Comment 13 Csaba Osztrogonác 2009-03-11 03:27:15 PDT
Created attachment 28470 [details] performance result on MAC
Comment 14 Csaba Osztrogonác 2009-03-11 03:28:50 PDT
Created attachment 28471 [details] performance result (if JIT and WREC disabled)
Comment 15 Csaba Osztrogonác 2009-03-11 03:33:51 PDT
(In reply to comment #12) > Created an attachment (id=28469) [review] > updated patch And I forgot to mention, the second peephole pattern fixed, which had a hidden bug. (It works correctly on SunSpider and Regression tests, but appeared with another test.)
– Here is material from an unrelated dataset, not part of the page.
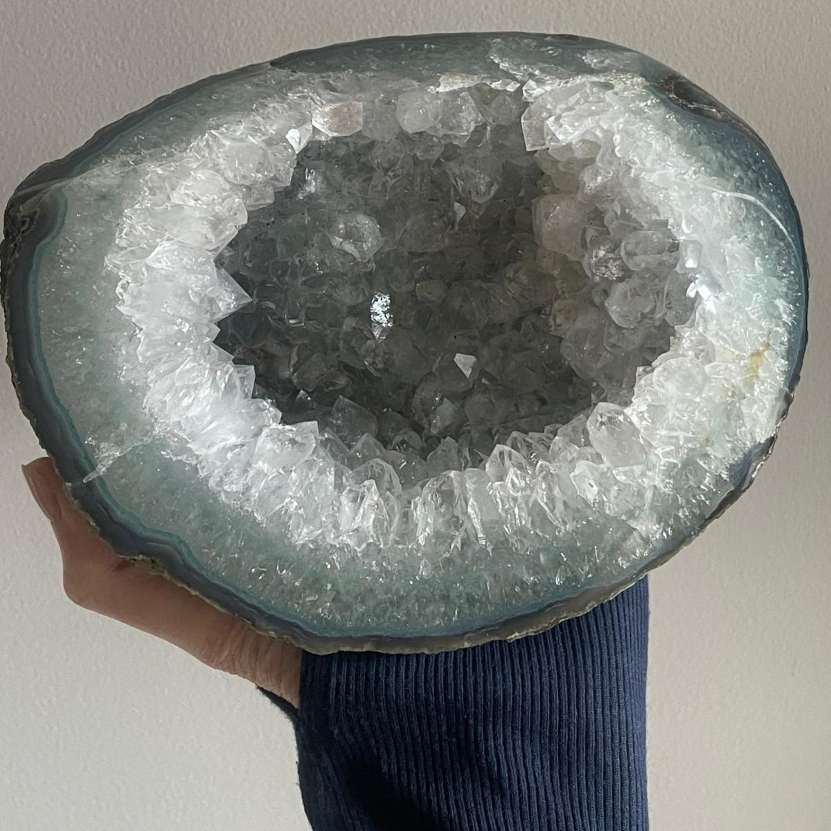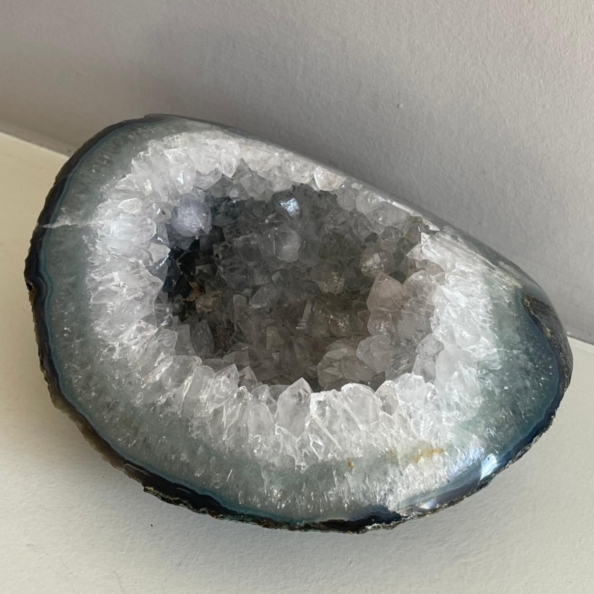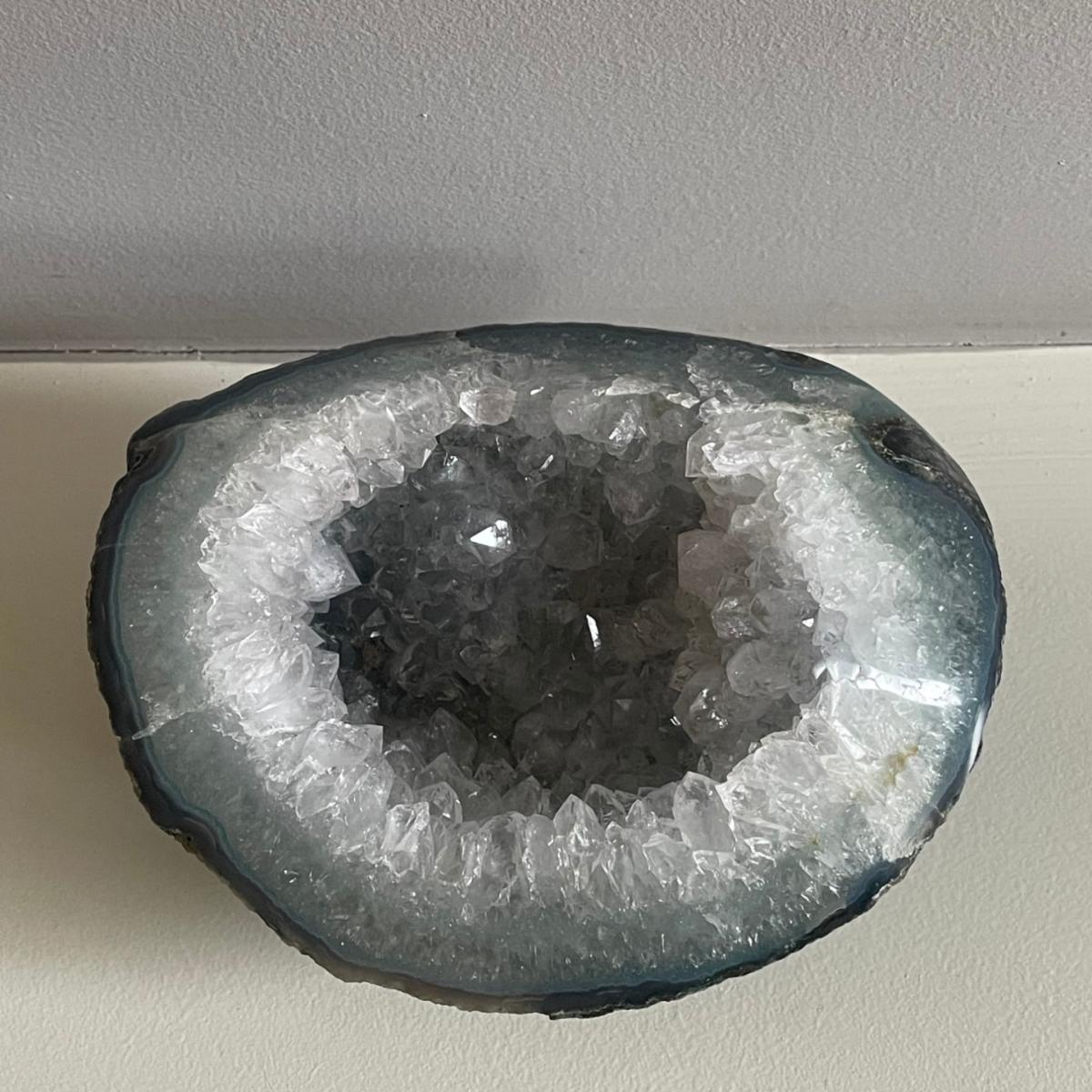 Agate is an excellent stone for rebalancing and harmonising body, mind and spirit. It cleanses and stabilises the aura, eliminating and transforming negativity. Agate enhances mental function, improving concentration, perception and analytical abilities. It soothes and calms, healing inner anger or tension and creates a sense of security and safety. You can use these healing crystal in your meditation practice, crystal grids, altar, during prayer, for rituals, and in reiki healing, housewarming. It is also a great gift idea. Agate enhances mental function, improving concentration, perception and analytical abilities. Chakra: All Size: 20cm length x 17cm width Weight: 2.65kg Origin: Rio Grande do Sul, Brazil

Comment 16 Oliver Hunt 2009-03-11 03:53:26 PDT
I'm not entirely convinced by this patch, while it is helpful to have a sane peephole optimiser the current tradeoff between win vs. additional complexity does not make it seem entirely worth while. It would be interesting to know what the results are if you do run-sunspider --v8 (which uses the original v8 tests) to get further performance information.
Comment 17 Eric Seidel (no email) 2009-05-21 19:04:21 PDT
Comment on attachment 28469 [details] updated patch Sounds like Oliver is waiting on v8 numbers to review this. Given that there has been no activity in this bug in 2 months, I'm marking this as r- to remove it from the review queue. You should feel encouraged to email oliver or geoff or maciej directly for further guidance as to where to take this patch. Thanks again for the patch!
Comment 18 Maciej Stachowiak 2009-05-21 22:36:46 PDT
Please reflag for review when the requested perf testing info is provided.
Comment 19 Csaba Osztrogonác 2009-12-16 23:23:17 PST
I closed it, because it is obsolete now.